Why test coverage metrics lie to you

A case study from a legacy migration project where 94% coverage masked a critical blind spot in business logic.

tl;dr

context: Legacy billing system migration, full test suite rewritten from scratch, 94% coverage reported.
issue: Coverage metrics masked a critical edge case in business logic that only appeared for enterprise accounts.
approach: Stopped reporting coverage as a health metric. Mapped tests explicitly to business rules with named owners.
outcome: Systematic gap identified. Coverage still runs — it just stopped being trusted as a proxy for quality.
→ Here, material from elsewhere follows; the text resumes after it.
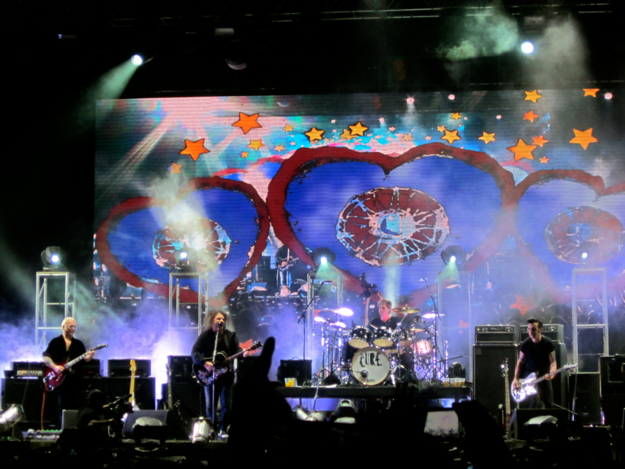 Y se viene The Cure. A esta altura, yo esperaba que entrara la banda primero y luego de un show de luces, humo y harta pirotecnia apareciera la gran estrella de la noche… Y no estuve ni cerca. Los músicos entraron todos juntos y Robert en medio de ellos, sin mucha ceremonia, muy respetuoso y saludando muy cordialmente antes de partir con “Open”. En ese momento se me cayeron todos los prejuicios, primero porque la calidad vocal de Robert Smith es impactante y, segundo, porque la banda suena un cañón más allá de la tecnología de sonido que se usa hoy. Si una banda es de cartón se nota y acá no fue el caso, son tremendos.

We had 94% test coverage. The migration still broke production.

This is the story of how we learned that coverage metrics measure what you tested, not what matters.

The project

A legacy billing system migration. Six months of work, a full test suite rewritten from scratch, and a coverage report that made everyone feel confident. The go-live was scheduled, the stakeholders were happy.

What went wrong

The tests covered every function. What they did not cover was the interaction between a rounding rule introduced in 2019 and a currency conversion edge case that only appeared for a specific subset of enterprise accounts.

94% coverage. 0% coverage of the thing that actually broke.

What we changed

After the incident we stopped reporting coverage as a health metric. Instead we started mapping tests to business rules explicitly — every critical business rule had a named test, and that test was reviewed by someone who understood the rule, not just the code.

Coverage still runs. We just stopped trusting it as a proxy for quality.